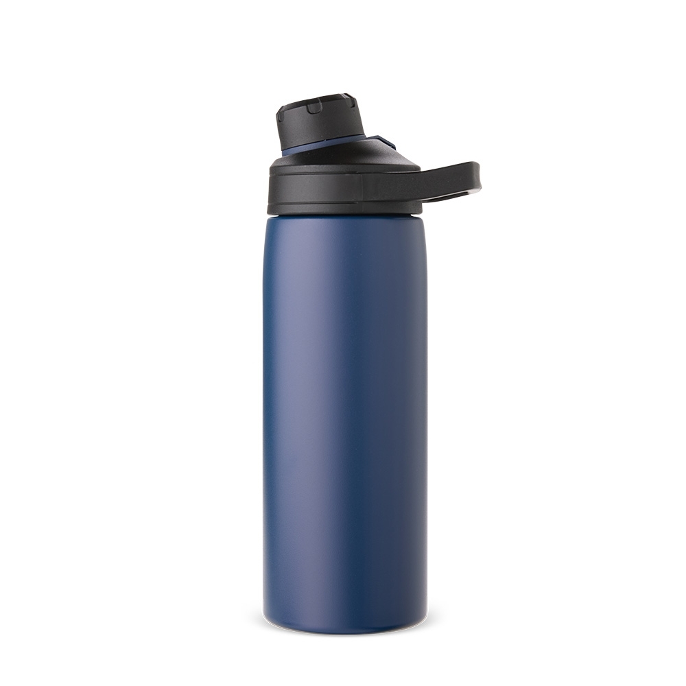 Garrafa térmica feita em inox com estrutura em parede dupla, vedação a vácuo e capacidade máxima de 600ml, ideal para manter a temperatura de líquidos por mais tempo. Possui tampa rosqueável em plástico resistente com protetor de bocal e alça fixa, em formato retangular, para transporte.
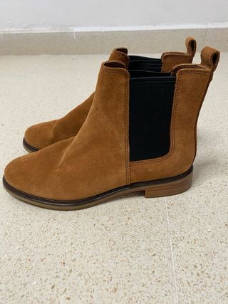 Botines de ante Clarks en color marrón. - Material exterior de ante. - Diseño tipo Chelsea con elásticos laterales. - Suela de goma. - Talla 39.
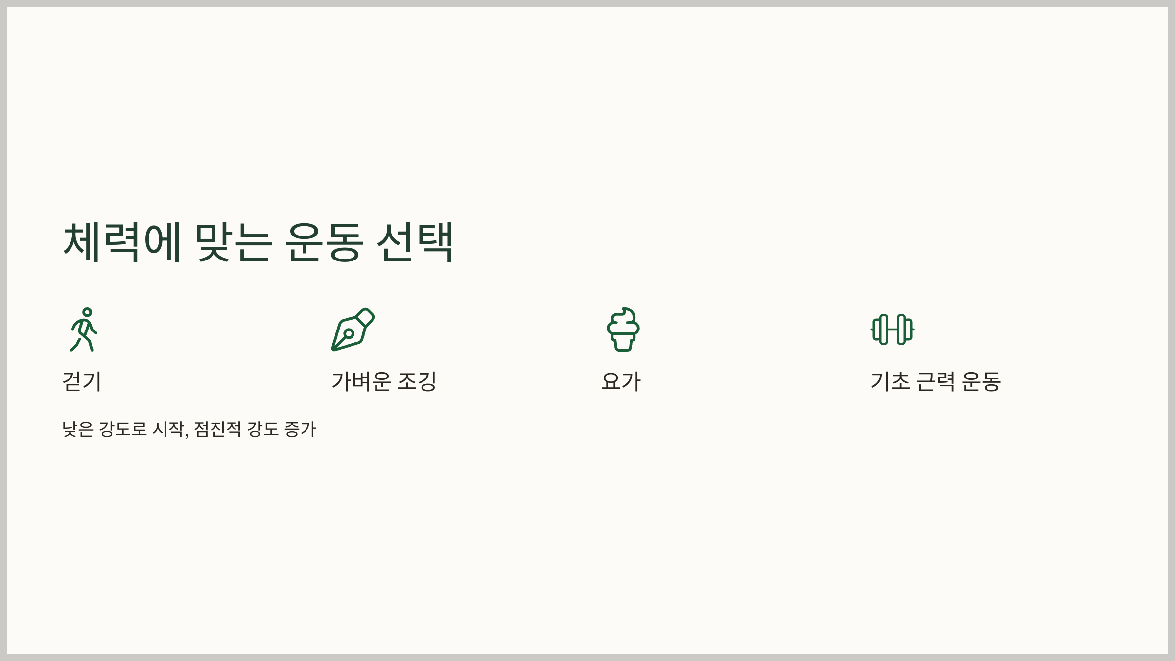 - 추천 운동: 걷기, 가벼운 조깅, 요가, 기초 근력 운동

**Requirement**
What is wanted is the listing, written out exactly, with each picture removed.

**Answer to this problem**
 Garrafa térmica feita em inox com estrutura em parede dupla, vedação a vácuo e capacidade máxima de 600ml, ideal para manter a temperatura de líquidos por mais tempo. Possui tampa rosqueável em plástico resistente com protetor de bocal e alça fixa, em formato retangular, para transporte.
 Botines de ante Clarks en color marrón. - Material exterior de ante. - Diseño tipo Chelsea con elásticos laterales. - Suela de goma. - Talla 39.
 - 추천 운동: 걷기, 가벼운 조깅, 요가, 기초 근력 운동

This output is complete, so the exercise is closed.